Quick easy & yummy! I used light mayo and a tub of "whipped" cream cheese which made mixing this a breeze. Loved the combo with the olives (with pimento) and the pecans. Perfect on wheat crackers. I resisted the urge to add any seasonings/spices and was very happy at how tasty this is with just the four ingredients listed. This recipe is a keeper. Lowa thanks for sharing your recipe!
Excellent! I was a little worried about the mayo but I think it went really well in this. I used green olives with pimento because that's what I had - don't know if it was right or wrong but it turned out great. I added a little flatleaf because I'm always adding it to stuff. This is also a great recipe to play with if you wanted to add different herbs or spices to it. Thanks LOWA!
This is sooooo good. I made it with Walnuts instead of pecans because that is what I had on hand. I added a little fresh cracked pepper. This one is going on the party/potluck list! Why can't they all be this easy?

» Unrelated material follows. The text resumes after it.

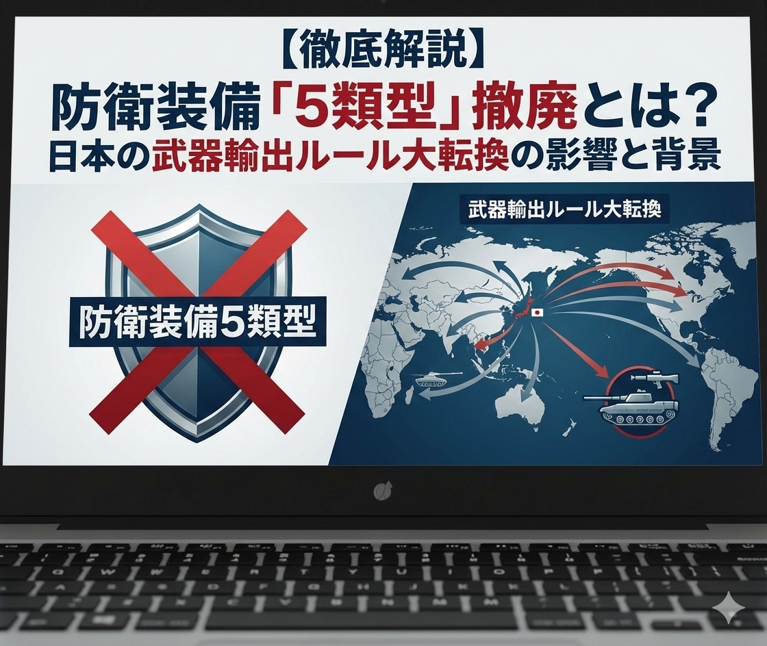 防衛装備の「5類型撤廃」は、戦後の日本の安全保障政策を根本から変える極めて重要なトピックです。

I've been addicted to this dip since I found it here at Allrecipes! Seriously it's always in the fridge. The only thing I've changed is I use spicy olives. My husband got a recipe from a bartender friend of his. We all liked the spicy olives so much I decided to use them in the dip. Perfection! I purchase the large "Queen Olives" from Costco. You pour out the olive juice and add a splash of lemon juice fresh cracked black pepper and lots of Tapatio hot sauce. You can use any brand we just like Tapatio flavor. Shake it all up and let it chill. There really good by themselves too. I use fat free cream cheese and fat free mayo. It still tastes great. Thanks for the recipe!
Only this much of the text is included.